- [Provided material]:

>>>>

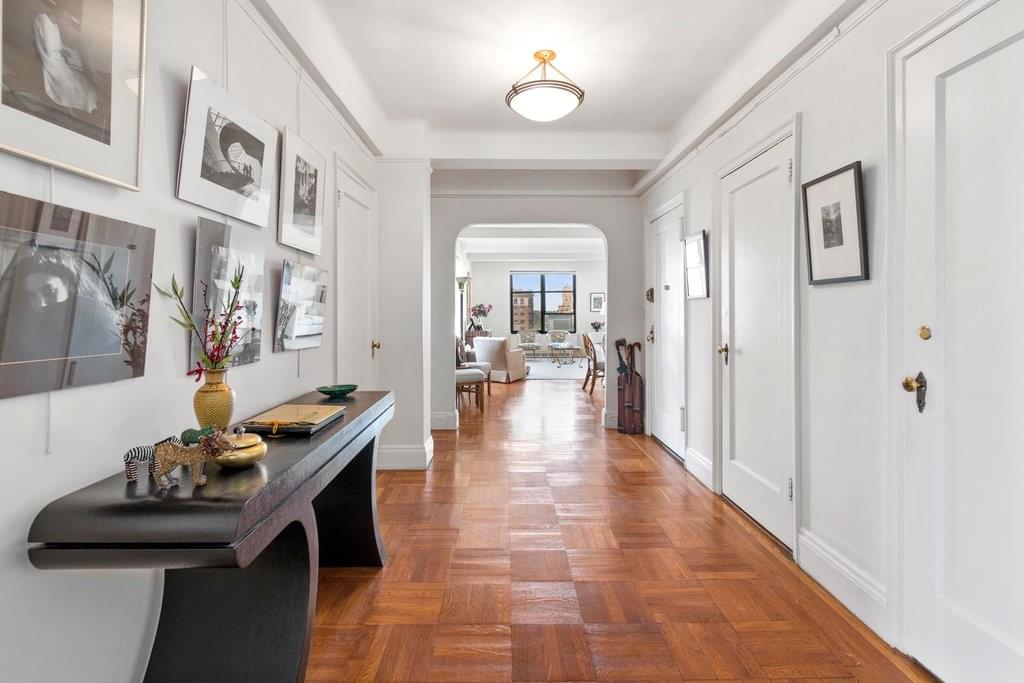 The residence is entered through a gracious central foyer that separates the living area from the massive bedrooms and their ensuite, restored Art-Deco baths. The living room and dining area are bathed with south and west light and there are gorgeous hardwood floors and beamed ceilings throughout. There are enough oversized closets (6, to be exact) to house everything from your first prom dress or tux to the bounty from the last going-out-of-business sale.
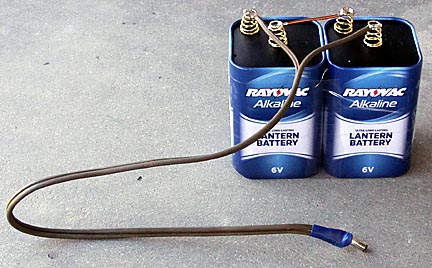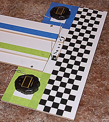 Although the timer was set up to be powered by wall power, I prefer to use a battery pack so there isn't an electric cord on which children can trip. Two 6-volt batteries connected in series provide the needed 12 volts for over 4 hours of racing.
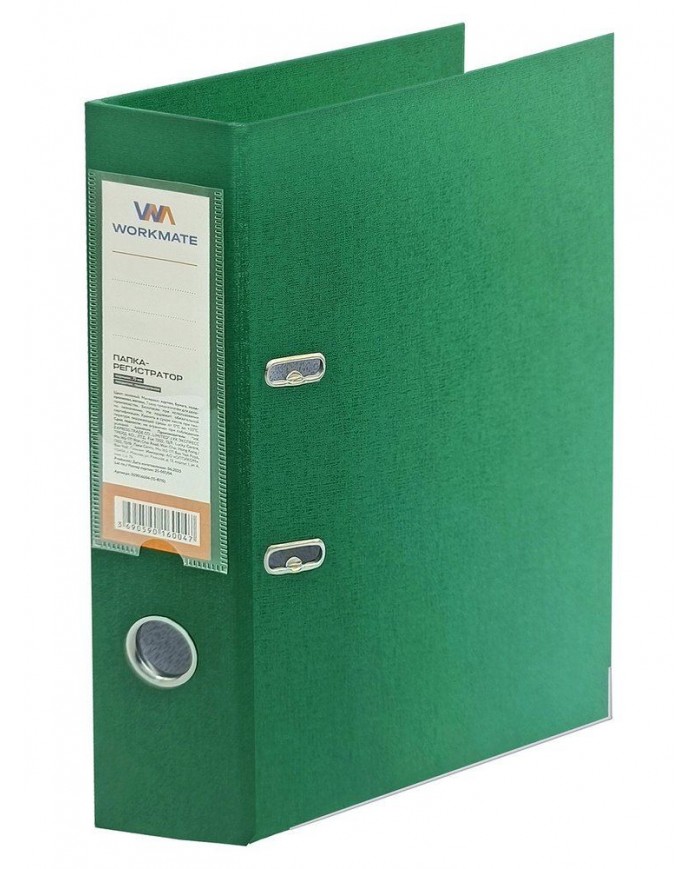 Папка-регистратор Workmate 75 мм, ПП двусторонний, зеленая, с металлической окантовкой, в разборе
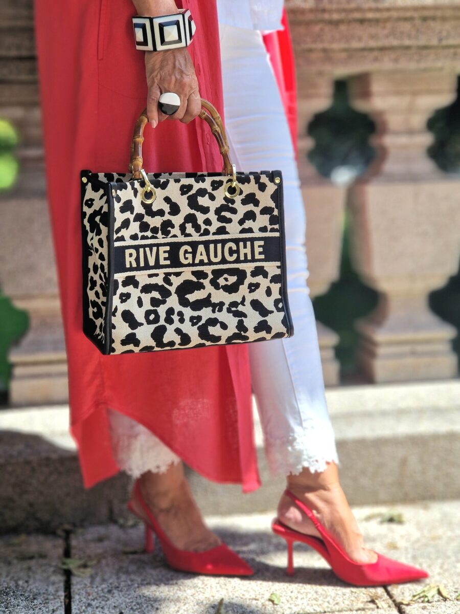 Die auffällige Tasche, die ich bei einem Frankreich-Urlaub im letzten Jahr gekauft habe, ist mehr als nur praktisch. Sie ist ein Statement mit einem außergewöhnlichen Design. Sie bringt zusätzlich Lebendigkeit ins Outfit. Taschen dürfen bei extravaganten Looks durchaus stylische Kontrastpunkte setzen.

<<<<

- [Goal of the exercise]: Exclude all pictures and return precisely the lines from the one containing "Папка-регистратор Workmate 75" through the closing line of the data.

- [Solution to this problem]:
 Папка-регистратор Workmate 75 мм, ПП двусторонний, зеленая, с металлической окантовкой, в разборе
 Die auffällige Tasche, die ich bei einem Frankreich-Urlaub im letzten Jahr gekauft habe, ist mehr als nur praktisch. Sie ist ein Statement mit einem außergewöhnlichen Design. Sie bringt zusätzlich Lebendigkeit ins Outfit. Taschen dürfen bei extravaganten Looks durchaus stylische Kontrastpunkte setzen.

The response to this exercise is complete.